Sidney Lanier

1842—1881
Black and white illustration of poet Sydney Lanier.
Courtesy of the Library of Congress, Washington, D.C.

Sidney Lanier was born in Macon, Georgia. The son of a lawyer, Lanier was raised in the traditions of the Old South. He read widely in his father’s library before entering Oglethorpe College, where he began to seriously study both music (he was an amateur flautist) and poetry. In 1860, Lanier joined the Confederate Army. He served with the Macon Volunteers until he was captured and imprisoned by the Union Army. While being held in prison, Lanier contracted tuberculosis. The disease eventually killed him at age 39.

During his lifetime, Lanier published a novel about his war experiences, Tiger Lilies (1867), as well as a collection of poems, a series of adventure stories for children, and a work of criticism. His Poems (1877) brought him renown and led to his appointment as lecturer at Johns Hopkins University in 1879. Lanier’s idiosyncratic theories of prosody, laid out in The Science of English Verse (1880), held that poetry and music shared the same underlying structure.
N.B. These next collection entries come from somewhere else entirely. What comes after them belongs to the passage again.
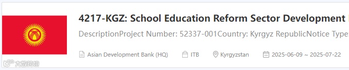 亚洲开发银行(ADB) 支持吉尔吉斯斯坦学校教育改革部门发展项目 为220所卫星学校采购实验室设备 发布招标
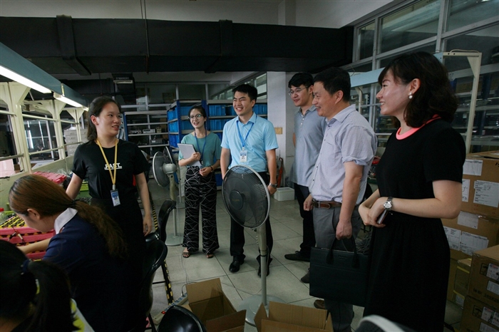 谢志远院长、王向红副院长走访过程中参观了申瓯公司产品展示厅、生产车间以及办公区域,并与分布在各个岗位上的实践队师生进行了交流。谢院长亲切地询问了师生们的实践情况以及收获心得,对实践队师生踏踏实实工作,短时间迅速融入企业、进入角色,为企业贡献价值表示赞叹。
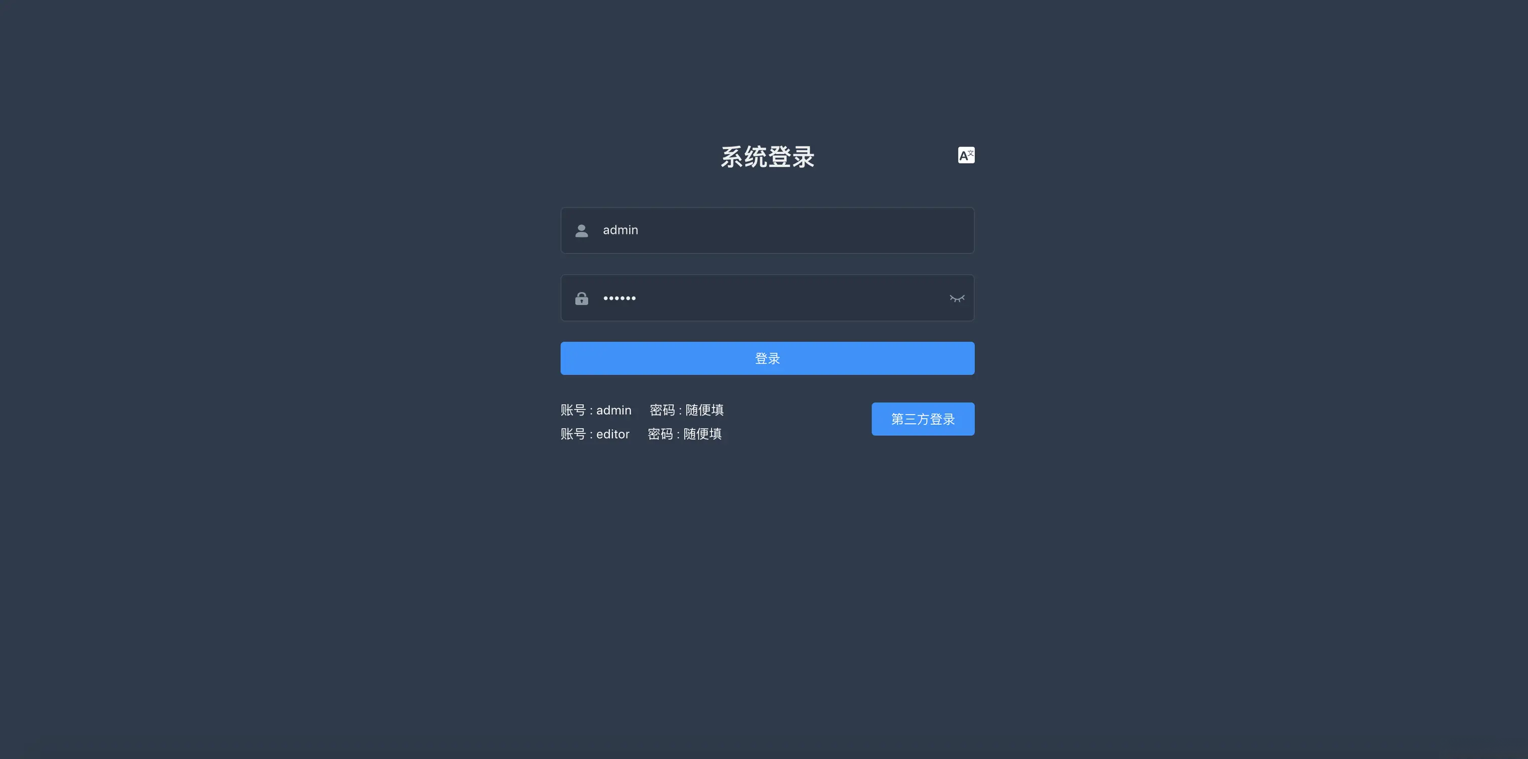 Vue-Element-Admin是一款集后端与前端于一体的解决方案。其开发基础是Vue框架和Element UI组件。采用前沿的前端技术和架构设计, 该工具能够显著缩短开发周期并提升应用效率。内置国际化的多语言支持系统, 整合了一系列典型的企业应用场景, 提供了多种功能组件集合, 包括动态路由配置、权限控制机制以及完整的业务模型提炼能力, 它可以帮助您快速搭建企业级中后台产品原型, 并在此基础上提供灵活的功能扩展接口以满足多样化需求

While at Hopkins, Lanier also publicly lectured on Shakespeare and the development of the novel. These lectures were gathered in the posthumous publications The English Novel and the Principle of Its Development (1883; revised 1897) and Shakespeare and His Forerunners (1902). Lanier’s wife, Mary Day, edited the collected volume of his poetry, Poems of Sidney Lanier (1884; revised and enlarged 1891, 1916).